It's easy to imagine everyone just carrying on, oblivious, but Jewish tradition suggests otherwise.
The Torah tells us, "Noah was a righteous man [ish]" (Genesis 6:9). Seems simple enough, right? But Bereshit Rabbah, that amazing collection of rabbinic interpretations of Genesis, sees something more in that word "ish" (man). It says that wherever you find "ish" used like this, it signifies a righteous person who rebukes others. Whoa.
So, how did Noah rebuke his generation? Well, the Bereshit Rabbah 30 elaborates. For 120 years – that's how long God gave humanity to repent before the Flood, as it says in Genesis 6:3 – Noah was out there planting cedar trees and then… chopping them down. Can you picture it? People would ask him, "Noah, what in the world are you doing?"
And he’d tell them, "The Master of the world has said He’s bringing a flood to destroy everything!"
And what was their reaction? Did they tremble in fear and start building arks of their own? Nope. They scoffed. "If He brings a flood," they said, "it'll only affect your house!"
Even when Methuselah, Noah's grandfather, died (at the end of those 120 years!), they still didn't get it. They just said, "See? Tragedy only strikes his family!" Ouch. Talk about missing the point.
The text then brings in a verse from Job (12:5): "A flame [lapid] of contempt for those of complacent thoughts [ashtut], destined to cause slippings of the foot." Rabbi Abba bar Kahana offers a powerful interpretation here. He sees Noah as God's "herald" – the lapid, the flame, the one trying to warn everyone. Because, as Rabbi Abba points out, if someone today "has an announcement" to make, people might say he has a lapid, drawing a parallel to Noah's role.
The people treated Noah with contempt, calling him a "contemptible old man." They were "of complacent thoughts [ashtut]" – as hard as blocks of metal [ashatot], completely stubborn in their ways.

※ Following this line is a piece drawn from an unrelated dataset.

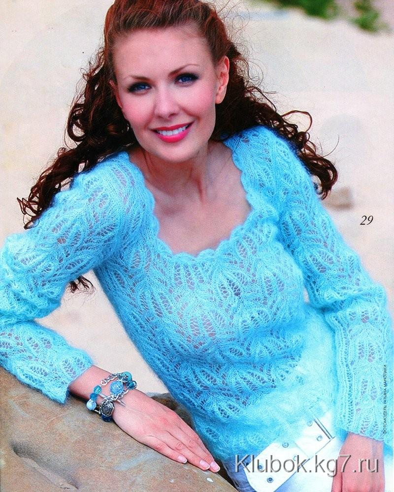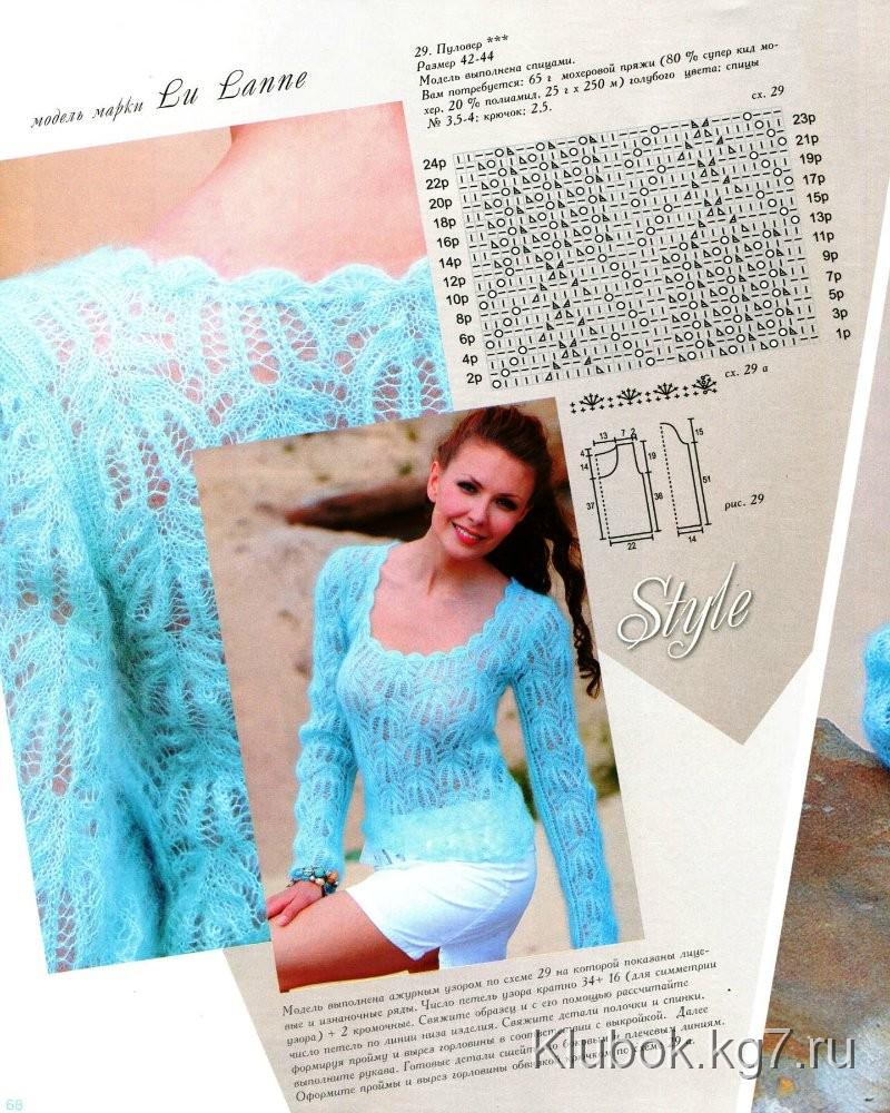 Нежный пуловер из Журнала Мод №558 связан из 650г тонкой пушистой пряжи (80% супер кид мохер, 20% полиамид) длиной 250м/25г спицами №3.5. Размер 42-44.

And they were "destined to cause slippings of the foot" – destined, says the Midrash, for two disasters: one from above (the rain) and one from below ("the wellsprings of the great depth were breached," as Genesis 7:11 tells us).

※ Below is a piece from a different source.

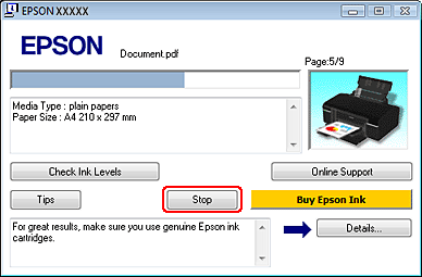pour annuler le travail d'impression en cours.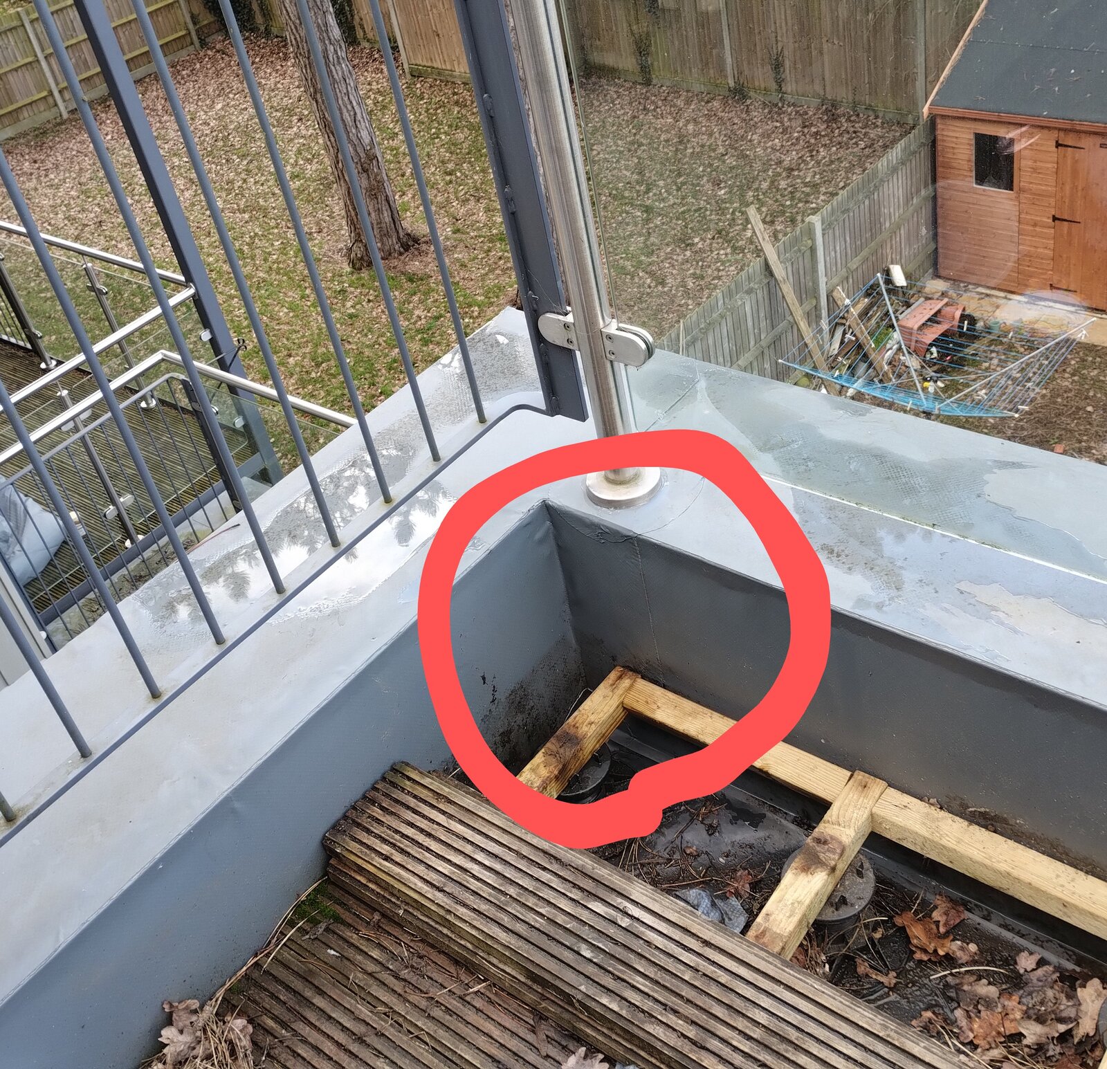 I've attached some photos, the sealant around the post and the couple of holes Ive tested with water. Nothing shows up. .any clues?

It's a pretty bleak picture, isn't it? Noah, the lone voice crying in the wilderness, trying to get people to listen, and being mocked for his efforts. Makes you wonder, doesn't it? How often do we ignore the warnings around us, blinded by our own complacency? How often do we dismiss those who are trying to tell us something important, simply because we don't want to hear it? Maybe Noah's story isn't just an ancient myth, but a timeless lesson about the dangers of ignoring the signs, and the courage it takes to speak truth to a world that doesn't want to listen.